▶ **Work to complete**:
Skip the pictures. Retype exactly, and only, the lines between the line holding "Cet outil pratique" and the last line below, inclusive.

▶ **Information provided**:
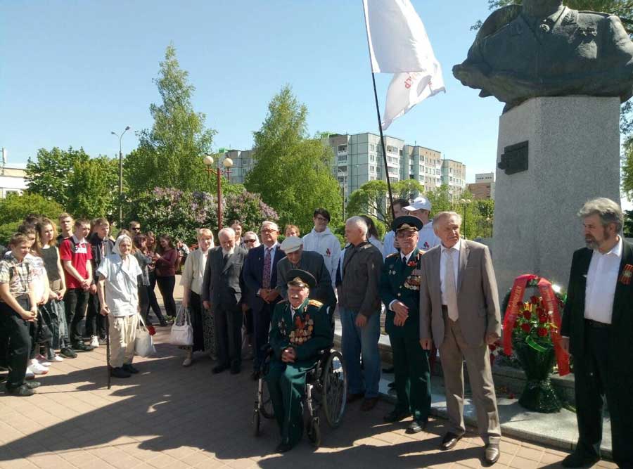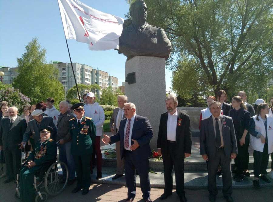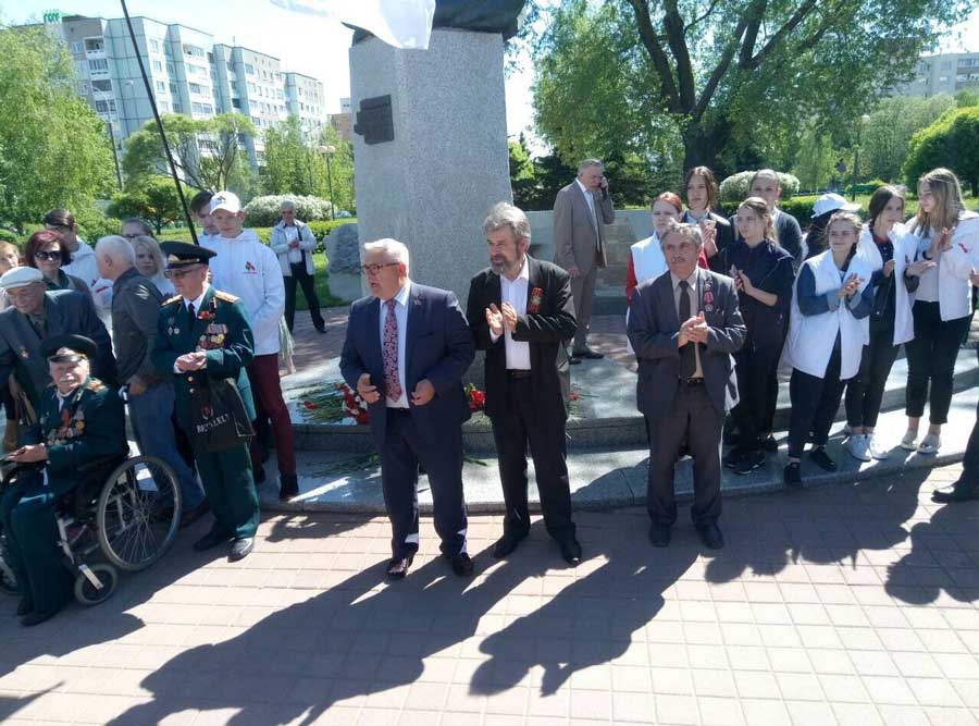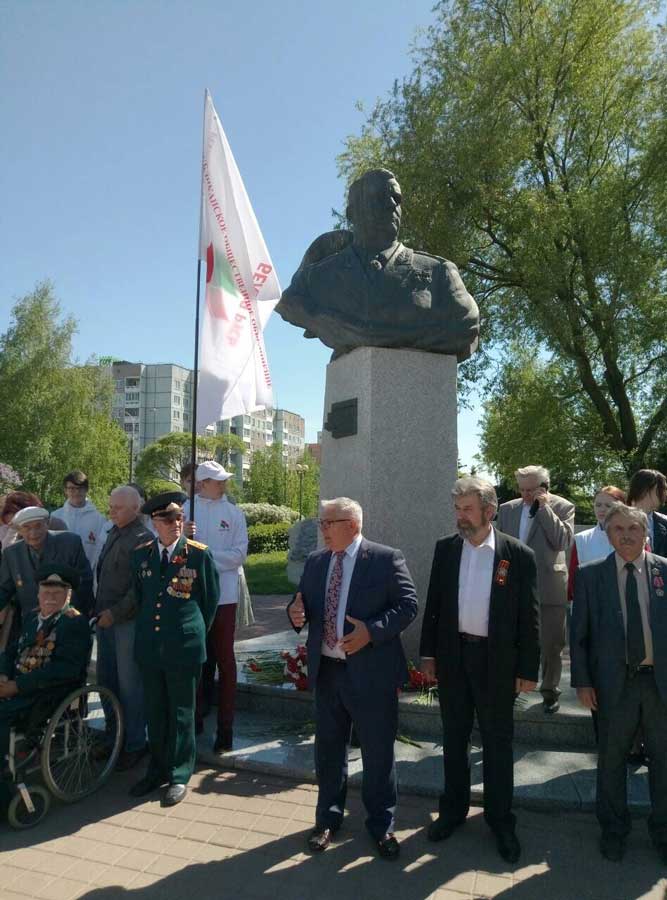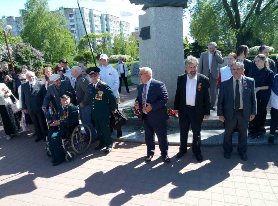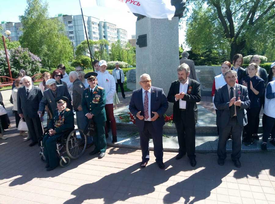 Депутат Мисевец выступил с речью, обращаясь прежде всего к молодому поколению со словами сохранения исторической памяти о войне, о передачи ее через поколения, книги, фильмы, рассказы, о жертвах, о погибших, о трепетном отношении к живущим свидетелям войны – ветеранам, о мире и миролюбии Беларуси.
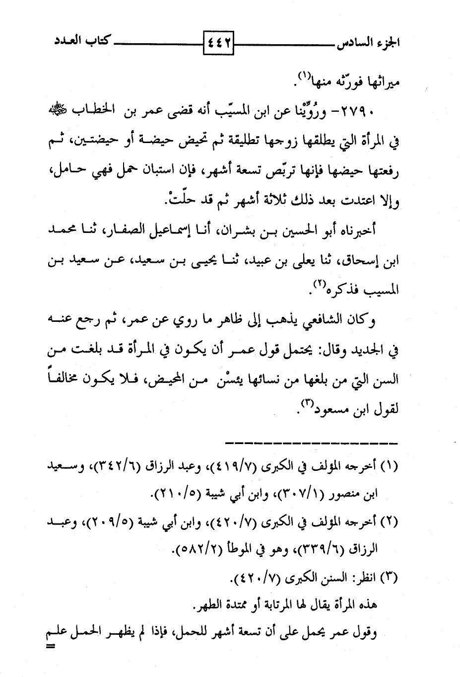 2790 - وروينا عن ابن المسيب انه قضى عمر بن الخطاب رضي الله عنه في المرأة التي يطلقها زوجها تطليقة ثم تحيض حيضة أو حيضتين ، ثم رفعتها حيضها فإنها تربص تسعة أشهر ، فإن استبان حمل فهي حامل ، وإلا اعتدت بعد ذلك ثلاثة اشهر ثم قد حلت . أخبرناه أبو الحسين بن بشران ، أنا إسماعيل الصفار ، ثنا محمد ابن اسحاق ، ثنا يعلى بن عبيد ، ثنا يحيى بن سعيد ، عن سعيد بن المسيب فذكره ( 2 ) . وكان الشافعي يذهب إلى ظاهر ما روي عن عمر ، ثم رجع عنه في الجديد وقال : يحتمل قول عمر أن يكون في المرأة قد بلغت من السن التي من بلغها من نسائها يئسن من المحيض ، فلا يكون مخالفا لقول ابن مسعود ( 3 ) .
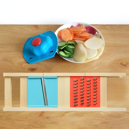 Cet outil pratique permet de trancher, râper et découper fruits et légumes en un clin d'œil.
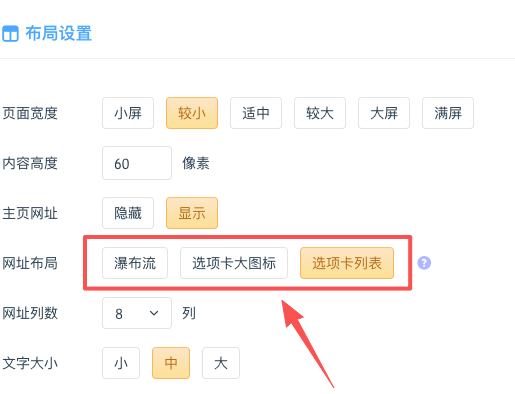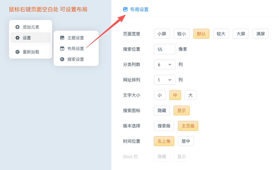 布局设置支持 搜索框高度、文字大小、主页宽度、分类列数、分类网址列数、搜索图标、Dock栏、居中时间 等设置。

▶ **Reply to the task**:
 Cet outil pratique permet de trancher, râper et découper fruits et légumes en un clin d'œil.
 布局设置支持 搜索框高度、文字大小、主页宽度、分类列数、分类网址列数、搜索图标、Dock栏、居中时间 等设置。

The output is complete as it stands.